7. What procedure does the CNPD follow?
Whistleblowers wishing to report breaches of legislation falling within the CNPD's remit may contact the CNPD in French, Luxembourgish, German or English:
The CNPD's reporting platform guarantees the completeness, integrity and confidentiality of the information sent to the CNPD. Only authorised CNPD staff members have access to it, and they are bound by professional secrecy in accordance with the oath they took on taking up their duties.
The CNPD does not record reports made by telephone, but it can draw up a detailed report of the main points of the conversation, which the whistleblower can then check, rectify, and sign for approval.
Similarly, the CNPD will, with the whistleblower's consent, keep full and accurate records of reports made in person in the form of a recording or minutes.

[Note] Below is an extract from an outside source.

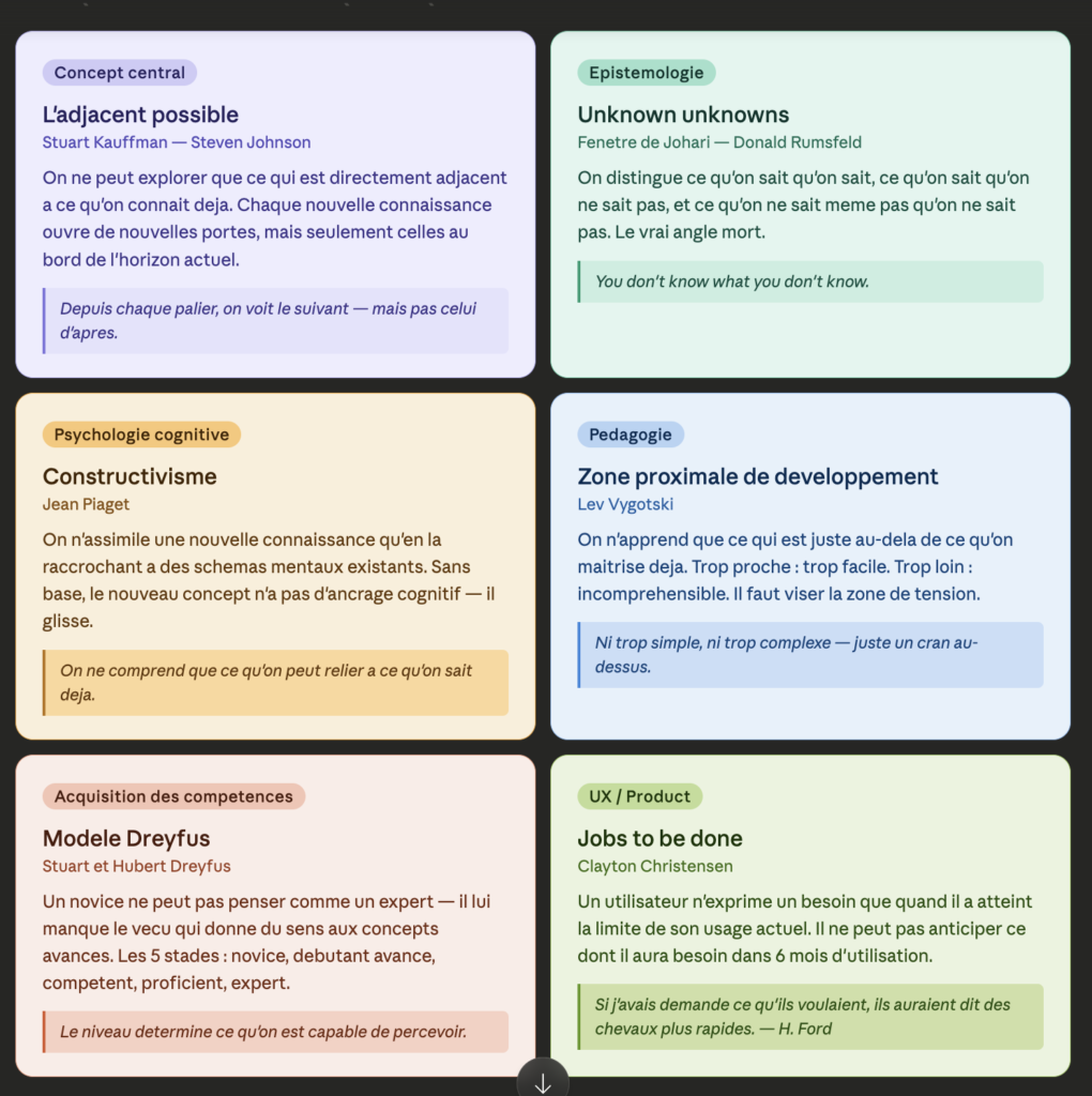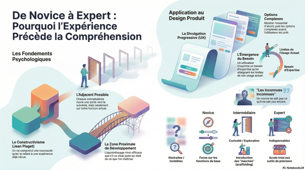 Théories mobilisées : L’adjacent possible (Kauffman / Johnson) · Constructivisme (Piaget) · Zone proximale de développement (Vygotski) · Modèle Dreyfus · Unknown unknowns (Johari / Rumsfeld) · Jobs to be done (Christensen) · Progressive disclosure (UX design)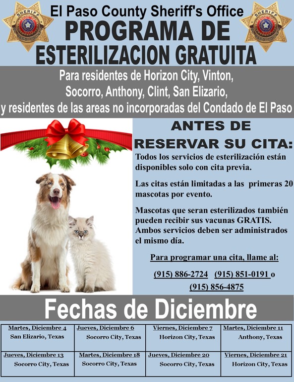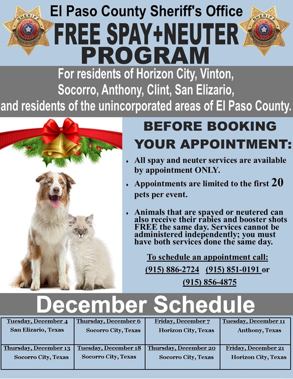 EL PASO COUNTY SHERIFF’S OFFICE SPAY AND NEUTER PROGRAM DECEMBER SCHEDULE

In the case of reports made through other channels or via other CNPD staff members, the latter are also required to respect confidentiality regarding the identity of the whistleblower or the person concerned and forward the report as quickly as possible to the staff members in charge of processing it.
The CNPD receives and follows up reports falling within its remit.
It may make a written request to the entity to which the alert relates for any information it deems necessary, while strictly respecting the confidentiality of the whistleblower's identity.
In particular, the CNPD will:
- acknowledge receipt of the alert within 7 days of its receipt, unless:
- the whistleblower expressly requests otherwise; or
- there are reasonable grounds to believe that acknowledging receipt of the alert would compromise the protection of the whistleblower's identity;
- to ensure diligent follow-up;
- and, in compliance with the legal obligation of professional secrecy, to provide the whistleblower with feedback within 3 months, or 6 months in duly justified cases;
- When the CNPD receives an alert for which it is not competent, it forwards it within a reasonable timeframe and in a confidential and secure manner to the competent national authority. The latter will inform the whistleblower.
After examination, the CNPD:
- may decide to close the procedure:
- in the event of a manifestly minor breach (without prejudice to other applicable obligations or procedures aimed at remedying the reported breach);
- in the case of repeated alerts containing no significant new information in relation to a previous alert for which the procedure has been closed.
The CNPD then notifies the whistleblower of its decision and the reasons for it.
8. What are the penalties for malicious reporting?
The perpetrator of an alert who knowingly reports or publicly discloses false information may be liable to a prison sentence of between 8 days and 3 months and a fine of between €1,500 and €50,000.
The perpetrator of a false report will be held civilly liable. The entity that has suffered damage may seek compensation for the loss suffered before the competent court.